Mansion House warnings from Governor Andrew Bailey and Chancellor Jeremy Hunt about surging wage settlements were no accident. 

Data showing regular weekly pay up 7.3 per cent in the three months to May demonstrates how embedded inflation has become.

Earlier this year, pay data was largely interpreted as a blow to real incomes, spending power and the resilience of the economy. Not any longer.

There is a big debate about whether inflation is supplier driven, the result of firms increasing profit margins, or wages chasing prices. 
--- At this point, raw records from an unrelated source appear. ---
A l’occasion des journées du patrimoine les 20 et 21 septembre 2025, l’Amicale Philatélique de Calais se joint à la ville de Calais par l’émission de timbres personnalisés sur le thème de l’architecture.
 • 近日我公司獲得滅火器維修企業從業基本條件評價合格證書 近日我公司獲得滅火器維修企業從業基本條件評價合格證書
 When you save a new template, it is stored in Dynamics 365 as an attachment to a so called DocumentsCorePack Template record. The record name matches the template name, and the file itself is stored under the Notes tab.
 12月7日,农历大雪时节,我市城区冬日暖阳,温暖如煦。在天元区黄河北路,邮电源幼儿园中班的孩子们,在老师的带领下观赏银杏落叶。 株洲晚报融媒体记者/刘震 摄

The UK seems affected by both. Even if headline consumer prices come down with a bump as falling energy prices finally make a difference, core inflation – minus fuel and food – could remain sticky.
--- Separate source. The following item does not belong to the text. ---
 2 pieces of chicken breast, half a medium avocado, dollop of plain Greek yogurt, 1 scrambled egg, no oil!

Inflation fight: The Bank of England's monetary policy committee has made 13 consecutive hikes to the base rate since March 2020 with it now sitting at 5%

Inflation fight: The Bank of England’s monetary policy committee has made 13 consecutive hikes to the base rate since March 2020 with it now sitting at 5%

Is the correct response for markets to keep pushing up bond yields and the Bank of England to go gung-ho on higher rates?

There are compelling reasons not to overdo the inner Paul Volcker. Current circumstances are very different to those in the US in 1979 when Volcker took the reins at the Federal Reserve. 

The tool that brought the US economy to a sprawling halt and ushered in recession was a surcharge on credit cards that had such a dramatic impact that it had to be abandoned.

Credit card interest rates in Britain are so high (18.9 per cent on a Halifax Mastercard) that raising official rates has little impact on spending patterns.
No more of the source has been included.